A participant in the rally (whose name is being withheld over personal safety concerns) told Hatewatch that the mood among 200 or so protesters on campus had been defiant but upbeat until the event was escalated in two ways by campus police.
At one point, the protester said, a number of mounted police moved to a small area on one side of the venue, in close proximity to one group of protesters.
“That escalated things. People started yelling, ‘Fuck you!’ at the cops,” he told Hatewatch in a telephone conversation, “and some of them started saying, ‘Fuck you!’ back.”
Video of the event posted on social media appears to confirm this account of police entering into a contentious interaction with protesters.
Soon afterwards, he said, police allowed Alex Stein – one of the scheduled speakers – to mingle with the crowd at some distance from law enforcement, provoking them as he often does to generate outrage content for his YouTube channel.
“Very obviously, [Stein] was trying to get in people’s faces to get content,” the protester said.
He told Hatewatch in a telephone conversation that until that point, the focus had been on “maintaining a vigil,” but “the mood changed when Alex Stein started provoking people.”
“He shouldn’t have been allowed to do that,” Jenkins added.
“The police weren’t standing close enough to intervene had someone thrown a punch,” Jenkins said.
“To the credit of protesters, almost no one took the bait,” Jenkins said. “Stein was visibly frustrated that people were not being more aggressive in their responses to him.”
Soon after, according to Jenkins, a number of Proud Boys emerged into the crowd and began interacting aggressively with protesters.
Finally in an incident captured on multiple videos posted to social media, a protester on the far-right side – clad in body armor and facial protection gear that obscured his identity – released pepper spray into the crowd without provocation, disabling nearby students and reporters.
Soon after, Penn State canceled the event and issued a statement that appeared to blame student protesters for violence, without citing evidence. The statement condemned "polarization" rather than far-right violence.
The statement defended Penn State’s actions while offering an idiosyncratic theory of protest, stating, “We have encouraged peaceful protest, and, while protest is an acceptable means of expression, it becomes unacceptable when it obstructs the basic exchange of ideas.”
“Such obstruction is a form of censorship, no matter who initiates it or for what reasons,” the statement added.
Neither that statement, nor a follow-up signed by Penn State president Neeli Bendapudi, acknowledged that student protesters had been pepper-sprayed by far-right activists, with Bendapudi claiming that it was “unclear which individuals onsite then resorted to ... using pepper spray.”
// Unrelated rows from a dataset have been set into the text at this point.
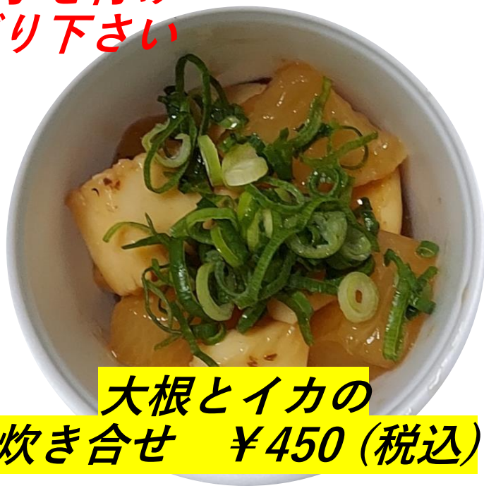
大根とイカの 炊き合せ ¥450 (税込)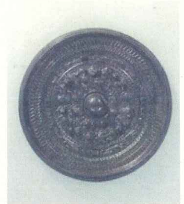
↑三角縁四神四獣鏡

このように博物館が大好きな私であるが、今回の講演会を見つけた際に「宮内庁」に疑問を持った。なぜ宮内庁と古墳が結びつくのだろう。博物館とは違ったロマンを感じ、新たな知識を得たい！と思い、拝聴しようと思った。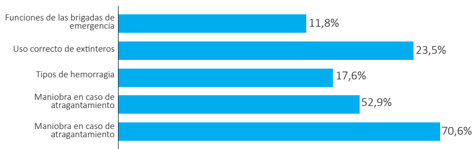
Figura 2. Porcentaje de respuestas correctas en conocimientos básicos de preparación ante emergencias y desastres

Los resultados muestran un nivel moderado de conocimientos básicos, con variaciones significativas según el tema. El 70,6% de las personas participantes identificaron correctamente el primer paso a seguir ante una emergencia, pero solo el 41,2% conoció las funciones correctas de las brigadas de emergencia.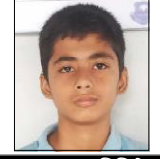
आकृष्ट शिशु सदन

बुबा तिमी मेरो जीवनको सूर्य तिमीलाई उज्याै पार्छु तिमीले खनेके बाटोमा हिँड्छु तिमीले पूरा नगरेको सपना अब गर्छु म पूरा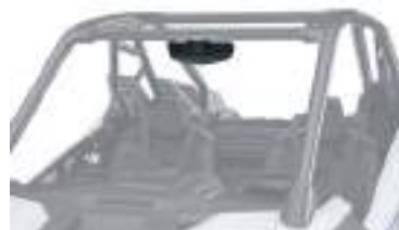
2883763 Retrovisor Interno RZR PRO XP / RZR TURBO R / RXR PRO R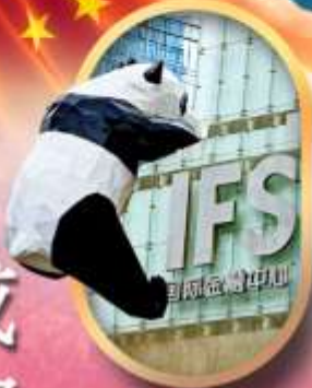
IFS หมีแพนด้าป็นดัก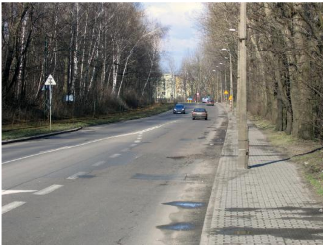
Zdj.4 i 5 Ul. Bytomska w rejonie skrzyżowania z ul. Stawową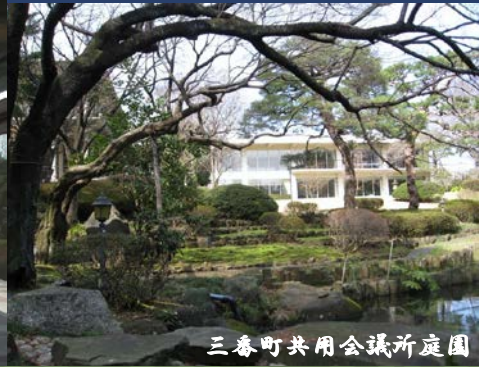
三番町共用会議所庭園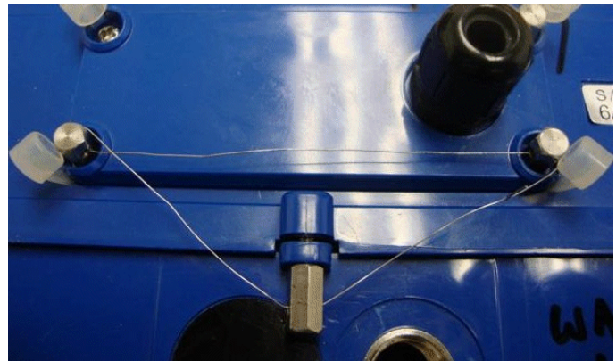
Typical sealing / Scellage typique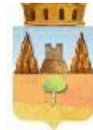
Comune di Collesano

Hatewatch contacted Penn State’s strategic communication office for comment on the actions of police and the outcome of the event, but there was no immediate response.
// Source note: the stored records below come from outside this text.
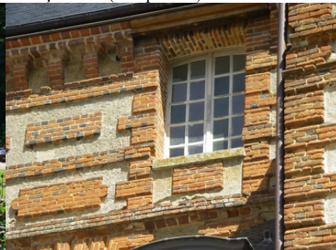
Un détail de façade du logis : briques, enduit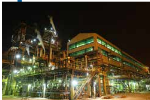
रामागुंदम फर्टिलाइजर एंड केमिकल लिमिटेड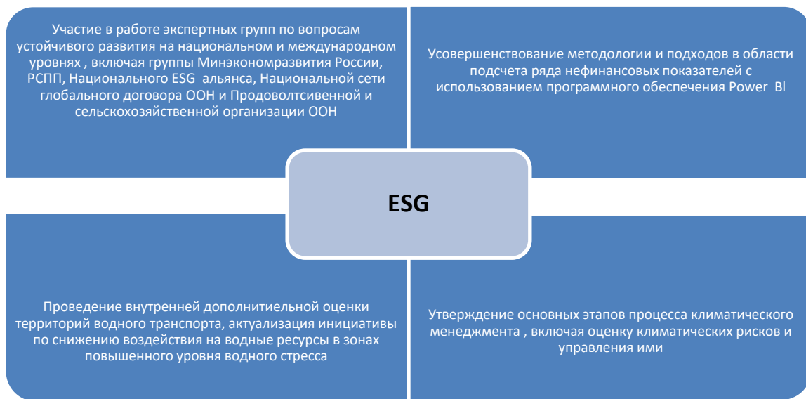
Рисунок 4. Ключевые успехи в области ESG

Исходя из вышеописанного, можно сделать вывод, что деятельность компании Сегежа Групп в области устойчивого развития имеет системный подход и направлена на достижение результативности и эффективности.. В компании действует Стратегия в области устойчивого развития, в рамках которой выделены четыре существенные направления.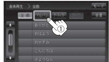
全曲リスト画面(例)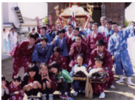
▲地域の人に見守られ伝統芸能の継承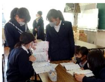
質問に的確なアドバイスをもらっています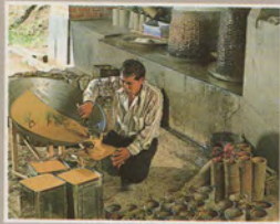
น้ำตาลมะพร้าว

เมื่อได้รับผลผลิตสูง เกษตรกรก็น่า จะมีรายได้สูงตามไปด้วย แต่ในสภาพความ เป็นจริงมิได้เป็นเช่นนั้นเสมอไป เนื่องจาก กลไกของตลาดและปัจจัยอื่นๆ ในระบบ เศรษฐกิจต่างก็มีอิทธิพลต่อการซื้อขายผล ผลิตทางการเกษตรแทบทั้งสิ้น

Meanwhile, Uncensored America (UA), which hosted the event, is still advertising future events and promoting its chapters at Penn State, the University of Tennessee, Knoxville, and the University of Wisconsin-Madison. All the group’s past and future events platform far-right speakers, sometimes in “debates” with other social media performers who style themselves as liberals or centrists.
As Hatewatch previously reported, the group was founded by Sean Semanko, whose membership in the pro-Trump student group the Bull Moose Party links him with a network of far-right actors that includes the principals of white nationalist publishing house Antelope Hill.
In September, the event was approved for funding by Penn State’s University Park Allocation Committee (UPAC), which allocates a proportion of student fees to registered student organizations for on-campus events.
UPAC records show that funding included $6,500 total in honoraria for McInnes and Stein, and over $1,000 for their airfares, according to UPAC meeting records.
On Penn State’s decision to host the event, Jenkins, the journalist, said that alongside the threat to public safety, these payments from student fees were the main concerns of protesters.
On the administration’s decision to try to hold the event, Jenkins said: “Free speech is not a suicide pact. You knew this was coming.”